Человек в белом послушно повернул голову и вдруг заметил приближающуюся фигуру в светло-фиолетовом. Лань Сичень поднялся с камня и шагнул навстречу, но тут же ступил назад, подумав, что явно лишним сейчас будет что-то говорить или делать. Наверняка он пришёл, чтобы высказать ему остатки своих мыслей о нем- а зачем же еще? Бедный, несчастливый Глава Цзян.

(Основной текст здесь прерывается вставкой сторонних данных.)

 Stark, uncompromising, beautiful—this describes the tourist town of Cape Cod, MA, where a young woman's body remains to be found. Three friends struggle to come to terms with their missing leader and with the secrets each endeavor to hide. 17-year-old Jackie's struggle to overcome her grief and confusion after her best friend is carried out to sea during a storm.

Пряди почти чёрных волос Цзян Чена, выбившиеся из заплетенной на ночь непрочной косички, скакали туда-сюда, мелькая перед лицом. Он преодолел расстояние между ними за считанные секунды, и, не останавливаясь в своём беге, резко обвил шею Лань Сиченя, прижимаясь к последнему всем телом. Парализованный удивлением, но на подсознательном уровне почему-то просветлевший, Глава Лань инстинктивно обнял мужчину за талию, выронив сорванный по дороге к озеру жёлто-зелёный листочек, который во время своих раздумий изволил вертеть в руках. Видимо, Цзян Чен не рассчитал импульс, с которым бросился в объятия, и хватило буквально секундного промедления, чтобы, схватившись друг за друга, они с характерным всплеском рухнули в ледяную воду.

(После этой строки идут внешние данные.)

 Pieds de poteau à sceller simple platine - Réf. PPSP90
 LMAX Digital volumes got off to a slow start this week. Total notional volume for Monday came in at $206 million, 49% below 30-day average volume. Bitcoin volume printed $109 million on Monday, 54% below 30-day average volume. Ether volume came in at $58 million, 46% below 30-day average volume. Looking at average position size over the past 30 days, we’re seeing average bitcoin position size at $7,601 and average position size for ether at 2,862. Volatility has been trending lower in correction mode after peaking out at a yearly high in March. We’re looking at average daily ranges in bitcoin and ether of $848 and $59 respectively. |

На удивление это маленькое озеро оказалось довольно глубоким: мужчины, окунувшись в него, ушли вниз почти по грудь, и, не ожидав такого, еще крепче сжали друг друга в объятиях. Лань Сичень как-то рефлекторно поднял человека рядом чуть выше собственного уровня погружения, уткнувшись в изгиб чужой шеи мокрым носом. Он все еще не понимал ситуацию, казавшуюся ему столь необычной, сколь и радующей...( Если Вы премного осведомлены об устройстве мира, дорогой Читатель, Вы можете знать, что, например, кошки в большинстве своем любят колбасу. Чтобы лучше понять чувство моего героя, осмелюсь попросить Вас вообразить, что кошка внезапно станет есть зерно подобно курице).

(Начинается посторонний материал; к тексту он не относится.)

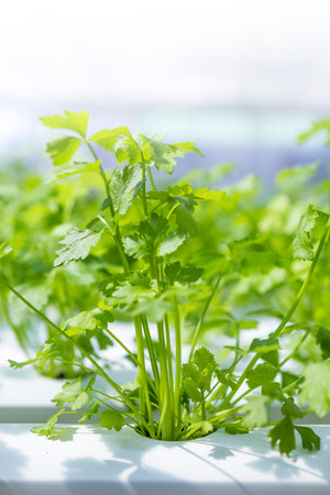 Young Chinese celery plant with Hydroponic system, organic farming, agriculture industry

От роем кружащих в голове мыслей спас низкий голос Цзян Чена, звучавший около уха Лань Сиченя:
-Прости.
Глава Лань ни за что бы не поверил, что вот так вот просто может получить мольбу о прощении не от абы кого, а от Саньду Шеншоу. Он вскинул голову и внимательно вгляделся в серые бездонные глаза, смотрящие уже не с горечью прошлого, но с сожалением и тоской. Брови грозного Главы Цзян были расслабленно разведены, а мокрые волосы, сделавшиеся за счёт этого еще темнее, чем раньше, беспорядочно рассыпались по плечам и заставили Лань Сиченя невольно подумать, что его собеседник выглядит чересчур по-домашнему.
-Лань Хуань, повтори то, что ты сказал в доме, - внезапно потребовал Цзян Чен, отводя глаза в сторону.
-Что? Что именно?, - впал в ступор Лань Сичень.
-Самое главное! Что? Что ты сказал тогда!?, - рывком Глава Цзян приблизился к его лицу.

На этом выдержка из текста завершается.